Here, it is intelligence that is for the chopping board!! Mental Parity is the new buzzword, the correct PC term for a whole nation. It basically means that everyone’s brains are equal, there is no such thing as a clever person or a stupid one.  Anyone can do any job they fancy. All references to anyone being dumb or stupid together with a whole lexicon of forbidden terms carry sanctions.

 

The central character is Pearson Converse and what a delightful play on words than name is! I also thought that the character may have much in common with Lionel Shriver herself!  Forgive me if I’m wrong! ’d prefer not to give too much away. But Pearson, having been raised by Jehovah’s Witnesses and subject to that extreme dogma, manages to escape it but then finds herself in the middle of a different regime that still threatens her freedom. 

 

Her best friend Emory Ruth is one of those ubiquitous folks who runs with the herd, to fit in maybe, to have an easier life perhaps, in Emory’s case much is to further her career, but will happily change opinion when the tide turns, an archetypal hypocrite.

 

Pearson Converse is no sheep, but she pays a heavy price for refusing to embrace the Mental Parity ideology. 

 

Shriver is an erudite author, and I got the feeling that much of this book was an eloquent expression of her own disquiet with the world as it is today.
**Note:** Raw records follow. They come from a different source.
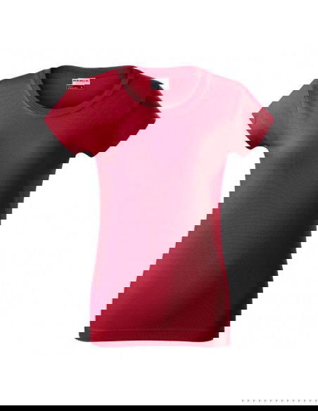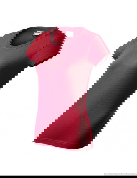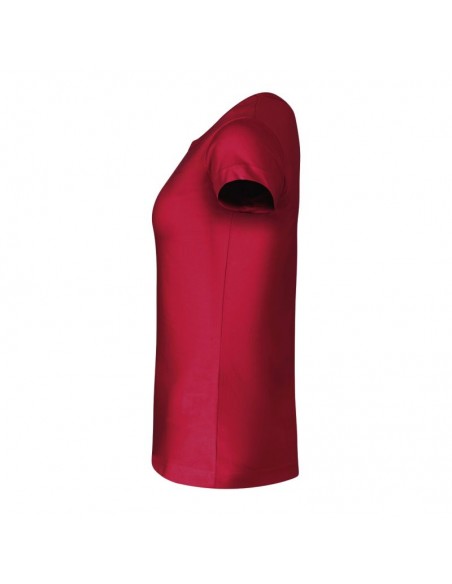 Single Jersey, 100% pre-shrunk cotton pre-shrunk cotton resistant to higher temperatures, washing temperature up to 95 °C (white) and 60 °C (colour), fitted cut with side seams, neckline trim made of 1:1 rib knit, reinforcing seam on shoulders, very short sleeves, Product available in two versions: with or without a brand label in the side seam (see colour chart). Option with label only while stocks last.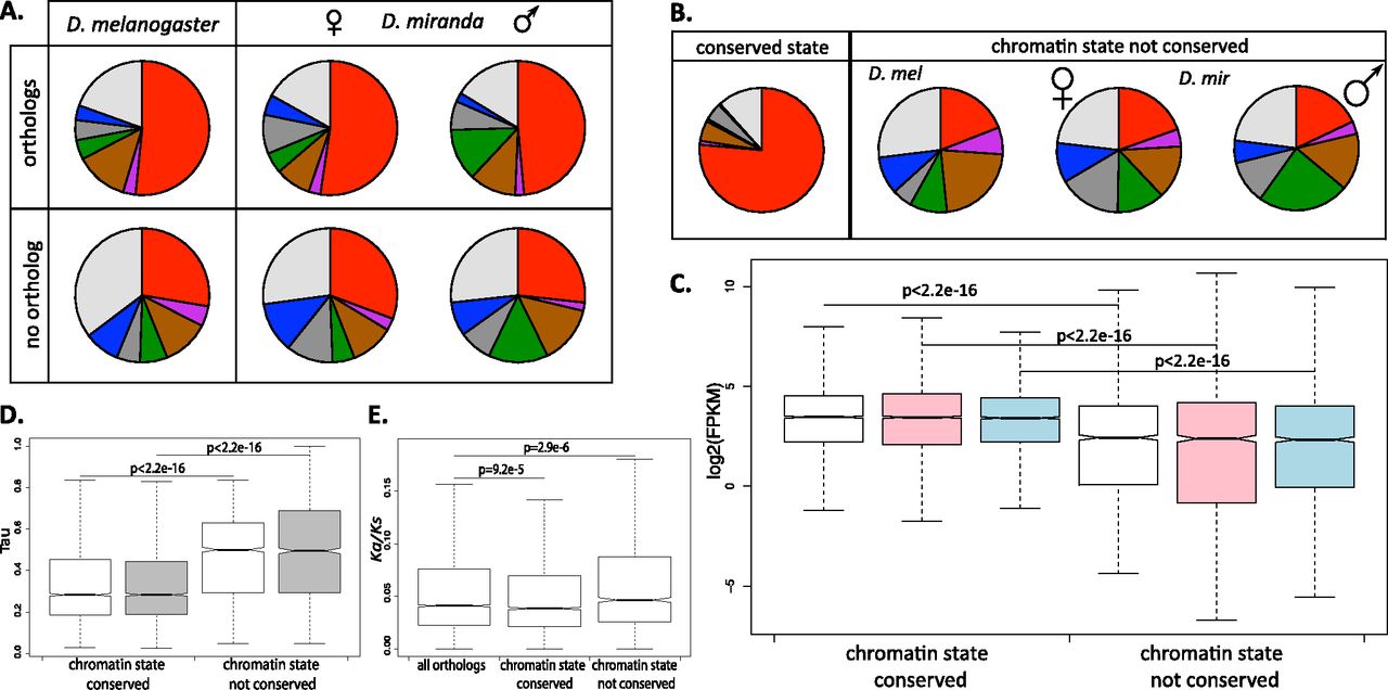 Conservation of chromatin states of genes in D. miranda and D. melanogaster. (A) Chromatin state of orthologous and nonorthologous genes in D. miranda females and males and D. melanogaster. Orthologous genes defined by FlyBase. (B) Chromatin states of orthologous genes whose state is conserved across species and sexes (left), and those whose state is not conserved (right). (C) Expression levels (log2[FPKM]) of orthologous genes with conserved and not conserved chromatin state (D. melanogaster in white, D. miranda males in blue, D. miranda females in pink). (D) Tissue specificity (measured by the tissue-specificity index tau) of genes with conserved and not conserved chromatin state in D. melanogaster (white) and D. miranda (gray). (E) Rates of protein evolution (Ka/Ks) of genes with conserved and not conserved chromatin state between D. melanogaster and D. miranda.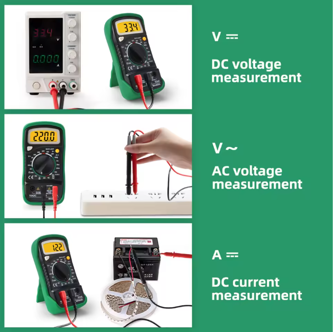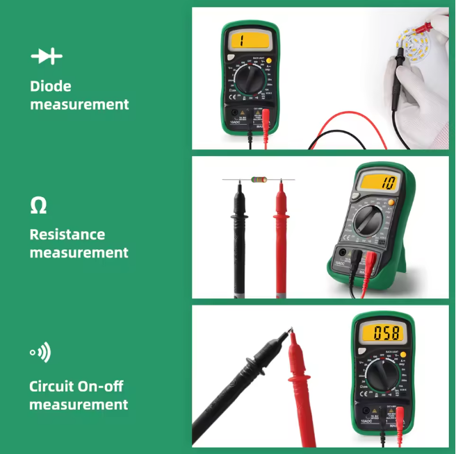 Dùng để đo điện áp, dòng điện hoặc điện trở trong tivi, máy tính, điện thoại, thiết bị dân dụng, UPS, inverter, nguồn tổ ong, bo mạch điều khiển.Giảng dạy và học tập kỹ thuật: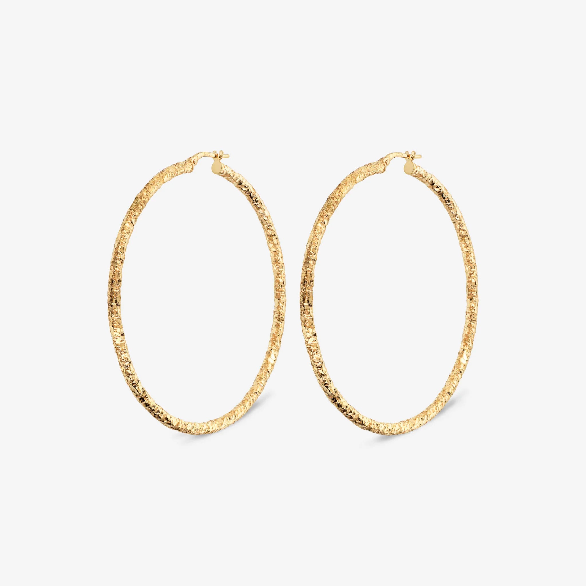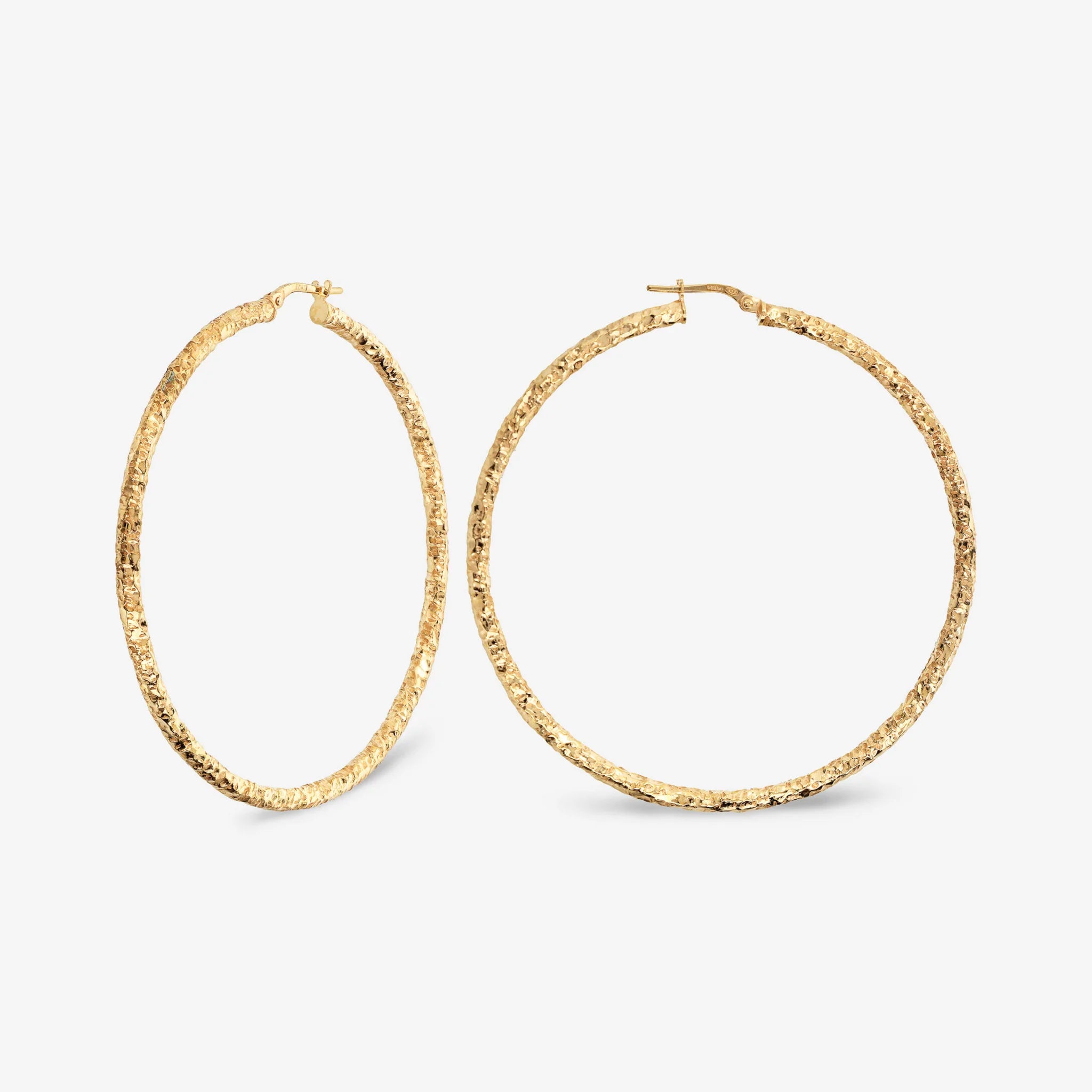 Hoop earrings in 18kt yellow gold plated 925 silver with worked surface. External diameter 5.5 cm. Bayonet closure.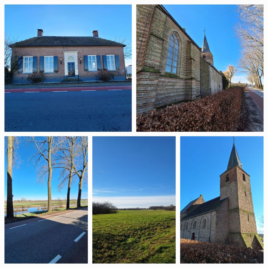 Bij boerderij de Heerlijkheid kom ik op de dijk. Die boerderij heeft die naam niet zo maar. Vlakbij, achter de kerk van Wadenoijen stond tot 1880 het huis Wadenoijen. Op die plek was al voor 1455 een kasteel gevestigd met heerlijke rechten waardoor dit gebied een heerlijkheid werd. (Heerlijke rechten zijn o.a. het visrecht, tolrecht, jachtrecht, windrecht.) In 1808 werd het herbouwd door Baron van Borssele (inderdaad uit Zeeland), maar in 1880 werd het voor de sloop verkocht. Het huis diende als steengroeve en in 1882 werd het terrein geëgaliseerd. En echt, je kunt niets meer zien, zelfs niet op luchtfoto’s.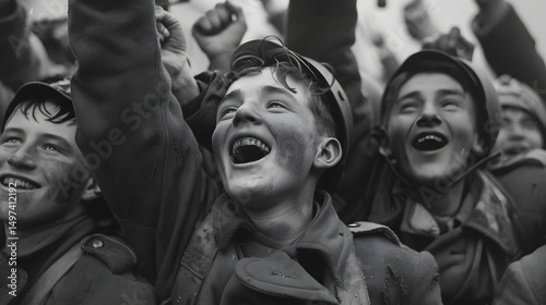 Joyful Soldiers Cheering in Black and White War Victory Scene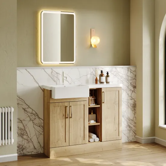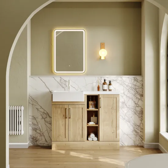 Nuie Lux Fable 1005mm Autumn Oak Left Hand Combination Unit & Basin With Handles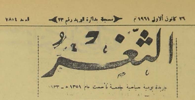 جريدة يومية سياسية عامة = AL-Thaghr : A Daily Newspaper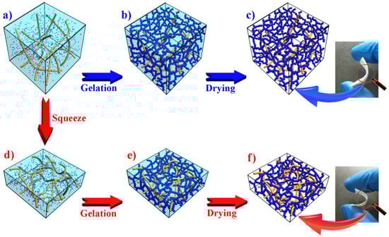 This study aimed to use alcosols directly diffused in wet bacterial cellulose (BC) gel to gradually form an IPN structure in situ, as shown in route C in Figure 1. Firstly, it benefits from the fact that the BC nanofibers in the matrix were more loosely distributed and created gaps between the nanofibers measuring up to hundreds of nanometers. Then, the gelation rate was restricted using low temperature to ensure that the silica alcosols were sufficiently diffused into the wet BC matrix. The soft wet matrix with silica alcosols could be compressed before the rigid and fragile silica gel skeleton formed to increase the content of BC nanofibers per unit volume and regulate the mechanical properties of composite aerogels.

It is set in the US so some of the politics may be elusive for readers across the pond but the points being made are not elusive in the least. 

 

It's a tour de force with some humour but much latent anger. Shriver’s vocabulary is to be envied, it’s expansive and intelligent. But the book may be divisive. I imagine some book groups will enjoy some heated discussions!

It is thought provoking too and I hope it is not prophetic.

 

My thanks to Readers First where I was lucky enough to win a copy in one of their draws.